Honeymoon period? The major league Umpires Association struck the playoffs the very day Ueberroth succeeded Bowie Kuhn. Umpires-union and league officials asked him to arbitrate the remaining issues, an unprecedented move undoubtedly facilitated by the fact that the strikers didn't want to be absent from the World Series and thus leave the impression that they were anything but indispensable. Ueberroth, whose arbitration decision was expected early this week, made the most of his entry into the dispute by insisting that the regular umps return immediately and work the fifth game of the National League playoffs without pay. "We agreed to work for two reasons—the integrity of the game and Mr. Peter Ueberroth," says National League umpire Doug Harvey. "We were very impressed with him."
Only Don Fehr, executive director of the Players Association, seemed nonplussed by the umps' decision to go to arbitration. "How can a paid employee who can be hired and fired by the clubs categorize himself as a neutral?" Fehr asked. "Since he does, the Players Association would be happy to have one of its employees arbitrate our contract negotiations this winter." Removing tongue from cheek, Fehr added, "If it would help to negotiate a settlement, we'd welcome Ueberroth on behalf of the owners." But Ueberroth says he won't enter the Players Association negotiations unless both sides request him as a neutral third party. "The odds of that," says Fehr, "approach zero."
The bottom line at the moment, however, is that Ueberroth is 1 for 1 in resolving labor disputes. He's also batting 1.000 in resolving dilemmas posed by television. When he learned that a possible fifth Series game at lightless Wrigley Field had a late 2:45 p.m. starting time, Ueberroth negotiated quietly with NBC and NFL commissioner Pete Rozelle to start the pro football games preceding the Series telecast half an hour earlier; as a result, the baseball game would have started at a more tolerable 2:15. In deference to Kuhn, whose administration had been saddled with the late time, Ueberroth announced the change on a Saturday, the slowest news day of the week.
Above all, Ueberroth perceives himself as a fans' commissioner. Declining Smith's invitation to throw out the first ball of the. World Series in San Diego, Ueberroth took the advice of American League publicist Phyllis Merhige and selected 83-year-old Pat Olsen, a former minor league teammate of Babe Ruth's who was attending his 238th Series game.

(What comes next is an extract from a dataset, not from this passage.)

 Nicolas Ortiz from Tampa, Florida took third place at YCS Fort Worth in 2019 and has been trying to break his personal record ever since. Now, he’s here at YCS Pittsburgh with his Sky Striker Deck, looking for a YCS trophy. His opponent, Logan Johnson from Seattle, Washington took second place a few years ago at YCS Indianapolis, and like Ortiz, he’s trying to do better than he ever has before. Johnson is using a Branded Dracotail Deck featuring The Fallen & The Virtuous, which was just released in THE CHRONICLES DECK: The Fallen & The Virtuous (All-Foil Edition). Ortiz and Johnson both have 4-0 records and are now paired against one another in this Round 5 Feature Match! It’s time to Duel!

Asked what he'd learned from the Olympics that might be useful to him in his new arena, Ueberroth replied, "You can't have 58,000 people in an arena and nothing going on. I noticed there was 15 minutes of downtime before the first Series game started." The new commissioner folded his arms and frowned, imitating a bored spectator. "Why not eliminate the gap or do something that's fun for the fans?"

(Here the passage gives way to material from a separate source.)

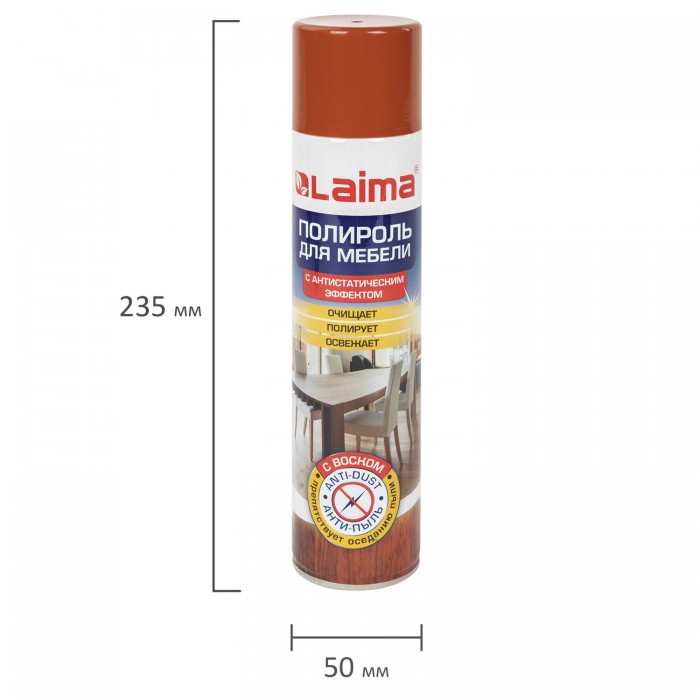Полироль для мебели LAIMA "Антипыль" с воском и антистатиком, 300 мл, аэрозоль, 606511

Enjoying the mild Series temperatures from his front-row seat, Ueberroth wore a gray sport coat as he watched the games, checked television monitors, made phone calls and chatted about "a thousand and one little things" with major league administrator Bill Murray. He didn't rise for the wave. No matter. Recalling his intervention in the umpires' strike, the fans evidently considered him a stand-up guy. For the first time in memory, a baseball commissioner wasn't booed at the World Series.
After two weeks, it's thumbs up for Ueberroth.